## [Assignment]
Write out the data below exactly, from its first line to the line containing "Kitchen Appliance 3", that line included.

### Extracted records

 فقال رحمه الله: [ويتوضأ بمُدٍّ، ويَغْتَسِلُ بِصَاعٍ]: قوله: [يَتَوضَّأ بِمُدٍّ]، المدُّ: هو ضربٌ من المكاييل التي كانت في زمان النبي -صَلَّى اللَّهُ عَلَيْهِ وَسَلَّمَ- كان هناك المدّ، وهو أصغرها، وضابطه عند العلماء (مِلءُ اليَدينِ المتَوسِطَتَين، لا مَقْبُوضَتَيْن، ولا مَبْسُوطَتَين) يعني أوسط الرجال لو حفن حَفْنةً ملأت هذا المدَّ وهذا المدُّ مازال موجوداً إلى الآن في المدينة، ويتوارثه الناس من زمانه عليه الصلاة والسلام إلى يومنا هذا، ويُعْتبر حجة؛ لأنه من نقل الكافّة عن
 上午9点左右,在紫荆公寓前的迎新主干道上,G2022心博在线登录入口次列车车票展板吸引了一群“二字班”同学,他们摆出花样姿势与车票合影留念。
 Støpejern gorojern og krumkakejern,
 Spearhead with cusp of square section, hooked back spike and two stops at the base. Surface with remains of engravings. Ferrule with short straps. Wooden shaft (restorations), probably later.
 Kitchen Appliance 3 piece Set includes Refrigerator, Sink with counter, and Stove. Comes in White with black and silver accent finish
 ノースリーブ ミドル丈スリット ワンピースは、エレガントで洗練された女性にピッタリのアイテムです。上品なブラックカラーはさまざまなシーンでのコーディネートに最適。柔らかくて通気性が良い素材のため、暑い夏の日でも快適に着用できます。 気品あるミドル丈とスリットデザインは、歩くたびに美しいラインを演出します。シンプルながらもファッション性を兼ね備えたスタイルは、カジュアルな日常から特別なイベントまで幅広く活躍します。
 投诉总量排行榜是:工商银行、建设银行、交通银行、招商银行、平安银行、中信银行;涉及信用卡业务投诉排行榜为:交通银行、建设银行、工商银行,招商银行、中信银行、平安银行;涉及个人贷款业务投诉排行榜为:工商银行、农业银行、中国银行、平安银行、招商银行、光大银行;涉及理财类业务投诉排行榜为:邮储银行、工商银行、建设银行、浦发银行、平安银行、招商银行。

######

## [Response to this exercise]
 فقال رحمه الله: [ويتوضأ بمُدٍّ، ويَغْتَسِلُ بِصَاعٍ]: قوله: [يَتَوضَّأ بِمُدٍّ]، المدُّ: هو ضربٌ من المكاييل التي كانت في زمان النبي -صَلَّى اللَّهُ عَلَيْهِ وَسَلَّمَ- كان هناك المدّ، وهو أصغرها، وضابطه عند العلماء (مِلءُ اليَدينِ المتَوسِطَتَين، لا مَقْبُوضَتَيْن، ولا مَبْسُوطَتَين) يعني أوسط الرجال لو حفن حَفْنةً ملأت هذا المدَّ وهذا المدُّ مازال موجوداً إلى الآن في المدينة، ويتوارثه الناس من زمانه عليه الصلاة والسلام إلى يومنا هذا، ويُعْتبر حجة؛ لأنه من نقل الكافّة عن
 上午9点左右,在紫荆公寓前的迎新主干道上,G2022心博在线登录入口次列车车票展板吸引了一群“二字班”同学,他们摆出花样姿势与车票合影留念。
 Støpejern gorojern og krumkakejern,
 Spearhead with cusp of square section, hooked back spike and two stops at the base. Surface with remains of engravings. Ferrule with short straps. Wooden shaft (restorations), probably later.
 Kitchen Appliance 3 piece Set includes Refrigerator, Sink with counter, and Stove. Comes in White with black and silver accent finish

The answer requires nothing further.